- Identify Transfer Server repository
- Identify vCenter Server that contains the Transfer Server
- Identify the Transfer Server virtual machine
I’m not going to follow protocol on this blog post, as I want to show you the configuration steps, you will see by doing this we cover the objectives above with ease.
The Transfer Server Repository is the location for your Linked Clone Replicas (the snapshot of your original Operating System) or your Manual Desktop Pool. It’s worthwhile noting that the Transfer Server can only be used with Dedicated Desktops, not Floating Desktops.
If you are rolling with Linked Clones, then you need to Publish your Snapshot which is the base image for your Linked Clone Pool.

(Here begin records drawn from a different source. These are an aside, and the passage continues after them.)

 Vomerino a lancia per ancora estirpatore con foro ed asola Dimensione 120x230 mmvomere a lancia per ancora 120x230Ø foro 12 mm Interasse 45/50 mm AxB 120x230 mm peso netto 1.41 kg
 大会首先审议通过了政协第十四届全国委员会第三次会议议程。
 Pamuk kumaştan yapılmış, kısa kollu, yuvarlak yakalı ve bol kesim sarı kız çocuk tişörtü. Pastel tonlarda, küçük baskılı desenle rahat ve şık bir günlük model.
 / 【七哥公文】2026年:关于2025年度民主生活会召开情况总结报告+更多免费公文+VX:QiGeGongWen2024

Couple of caveats before we move forward:
- Make sure your VM is running Hardware Version 7 (at the time of this post 8 is meant to be supported but I haven’t tested it yet).

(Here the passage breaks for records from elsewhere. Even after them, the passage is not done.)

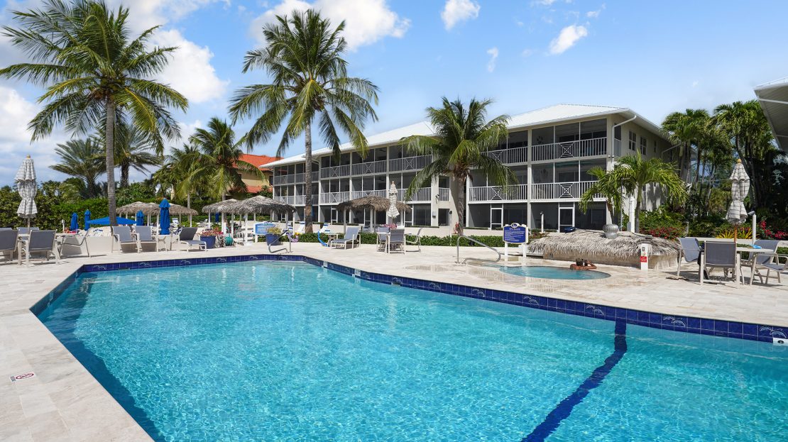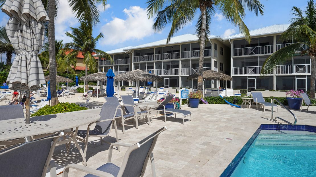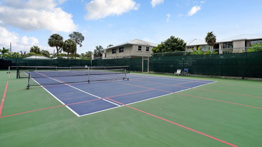Resort Amenities: Large oceanfront pool and sundeck, hot tub, tennis and pickleball courts, basketball area, and ample parking.
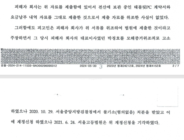 다만 검찰은 변희재 대표가 SKT 박정호 대표이사를 계약서 위조혐의로 고발한 사건에 대해 서울중앙지검이 2020년 10월 29일자에 내린 불기소 처분을 주요 근거로 내세웠다. 해당 사건은 박정호 대표이사 뿐 아니라 김한수, 김용제, 김종우, 강상묵 등 검사 3인을 동시에 고발한 사건이었다.
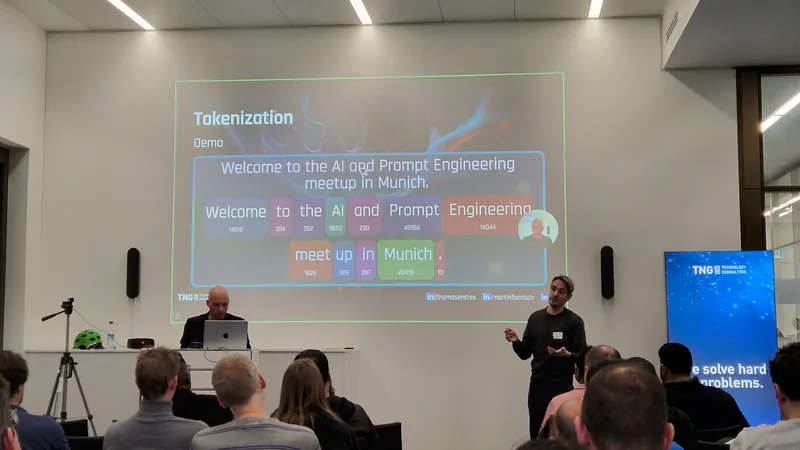 At our recent third AI & Prompt Engineering Meetup, we welcomed 60 guests to our Munich office for an evening full of experiments with Generative AI. In a special edition of their talk “AI'll Be Back: Generative AI in Image, Audio, and Video Production”, Martin Förtsch and Thomas Endres uncovered the inner workings of various AI tools, such as ChatGPT, Midjourney, Suno, and RunwayML. Together with the audience, we wrote lyrics and music for a song, designed artwork for an album cover, and even animated images for a music video in fun live demonstrations. In addition, the attendees could also try out AI showcases from the Innovation Hacking team and the Unitree G1 robot G1PO.

- Make sure that your Transfer Server SCSI Controller is set to LSI Logic Parallel
The Transfer Server Repository can be a network share located on another server or NAS, or in my case it’s an extra VMDK added to the VMF-TR01.
I have already added my Transfer Server into View to make sure I had it working before I did a blog post!
However, the process to enable the Transfer Server is fairly straight forward, go to View Configuration > Servers > Transfers and Select Add and choose your vCenter Server
Select your Transfer Server from the drop down list and Click Finish
Next we need to add some images to our Repository, so click on Transfer Server Repository and Click Edit and we get an epic failure ‘the settings for the Transfer Server repository cannot be edited until all the Transfer Servers are placed into maintenance mode’.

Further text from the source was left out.